NatzTurnazHeadzBustaz,

In your p[icture it looks like you lined the bottom and at least the left side with mylar.  I'd suggest lining the front, back, and both sides with mylar and maybe the top too.  I don't think the mylar will be very servicable on the floor
because of moving the pots around on it.

A suggestion that will make your mylar last longer on all surfaces is to glue it down to the surface rather than stapling it.  I haven't tried yet to see what kind of glue will stick to it but I use a lot of permatex High Tack from an auto supply store.  It is expensive but it sticks to most surfaces and lets you move the material being glued down around a little before it sets.  Before I tried gluing it with anything I'd seal the wood so it doesn't soak up the gulue so badly.  A water base latex works well for that or a shellac.
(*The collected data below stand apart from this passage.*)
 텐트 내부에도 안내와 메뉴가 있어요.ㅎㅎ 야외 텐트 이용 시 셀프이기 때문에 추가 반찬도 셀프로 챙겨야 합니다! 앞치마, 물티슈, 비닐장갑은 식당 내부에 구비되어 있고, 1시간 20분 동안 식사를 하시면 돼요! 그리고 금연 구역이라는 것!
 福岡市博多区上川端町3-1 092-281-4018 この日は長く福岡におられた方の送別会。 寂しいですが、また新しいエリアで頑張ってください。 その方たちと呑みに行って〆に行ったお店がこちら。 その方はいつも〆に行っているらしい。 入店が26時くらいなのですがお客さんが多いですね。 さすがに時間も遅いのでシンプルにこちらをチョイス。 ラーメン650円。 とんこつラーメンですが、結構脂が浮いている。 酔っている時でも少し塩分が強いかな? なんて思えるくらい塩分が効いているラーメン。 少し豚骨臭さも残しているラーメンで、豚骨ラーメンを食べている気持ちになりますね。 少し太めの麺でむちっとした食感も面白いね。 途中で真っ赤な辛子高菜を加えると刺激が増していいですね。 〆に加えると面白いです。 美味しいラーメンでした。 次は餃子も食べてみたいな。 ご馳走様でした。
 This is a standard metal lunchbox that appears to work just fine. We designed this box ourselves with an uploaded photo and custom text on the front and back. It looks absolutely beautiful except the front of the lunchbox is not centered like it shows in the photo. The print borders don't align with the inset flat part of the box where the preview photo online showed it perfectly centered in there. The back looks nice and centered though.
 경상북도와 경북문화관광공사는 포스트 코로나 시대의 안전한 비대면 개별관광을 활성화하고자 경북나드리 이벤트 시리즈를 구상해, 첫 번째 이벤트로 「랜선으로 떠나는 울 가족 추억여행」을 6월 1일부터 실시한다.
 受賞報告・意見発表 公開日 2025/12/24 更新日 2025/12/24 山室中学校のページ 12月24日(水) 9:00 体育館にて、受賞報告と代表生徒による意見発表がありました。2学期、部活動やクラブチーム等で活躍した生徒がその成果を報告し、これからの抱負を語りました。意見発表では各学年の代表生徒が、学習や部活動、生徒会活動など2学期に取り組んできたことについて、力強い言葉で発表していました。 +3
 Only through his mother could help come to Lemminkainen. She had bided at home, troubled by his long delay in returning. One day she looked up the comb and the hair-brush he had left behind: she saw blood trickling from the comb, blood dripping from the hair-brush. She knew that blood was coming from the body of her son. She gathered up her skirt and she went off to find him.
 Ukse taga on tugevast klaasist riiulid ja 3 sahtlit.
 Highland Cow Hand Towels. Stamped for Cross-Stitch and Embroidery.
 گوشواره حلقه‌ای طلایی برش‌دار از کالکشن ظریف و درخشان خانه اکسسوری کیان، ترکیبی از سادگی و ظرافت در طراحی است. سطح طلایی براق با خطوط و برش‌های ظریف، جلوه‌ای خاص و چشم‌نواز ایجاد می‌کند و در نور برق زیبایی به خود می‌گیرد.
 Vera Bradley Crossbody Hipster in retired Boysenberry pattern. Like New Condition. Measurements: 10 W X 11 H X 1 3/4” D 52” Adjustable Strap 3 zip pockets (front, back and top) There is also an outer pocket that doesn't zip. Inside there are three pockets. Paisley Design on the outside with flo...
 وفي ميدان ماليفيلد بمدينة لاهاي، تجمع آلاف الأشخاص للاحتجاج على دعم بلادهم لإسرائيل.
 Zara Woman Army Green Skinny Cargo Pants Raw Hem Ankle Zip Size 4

Another suggestion, if you are concerned about improving the light/air tightness of the box, and I don't think you need ot worry about it, go to a hardware type store and get a roll of stick on flat foam weather stripping and apply it around the outer edge of the inside face of the door so that when you close it the foam is compressed between the door face and the lip on the inner wall.  You could also caulk the seals with any good solid colored caulking.  I use a lot of "PL ULTIMATE HYBRID SEALANT + ADHESIVE" in my various projects because it can be applied to damp surfaces, is not clear or translucent (light doesn't go through it easily), is UV resistant, low odor, realtively quick setting and does NOT have any warnings about not using in  a submerged location, like the inside of a fish tank or water/nutrient solution reveruoir.  I've boght it at both Lowe's and Home Depot.

You've got a hell of a good grow box going there.  Congratualtions!

Don Jones


----------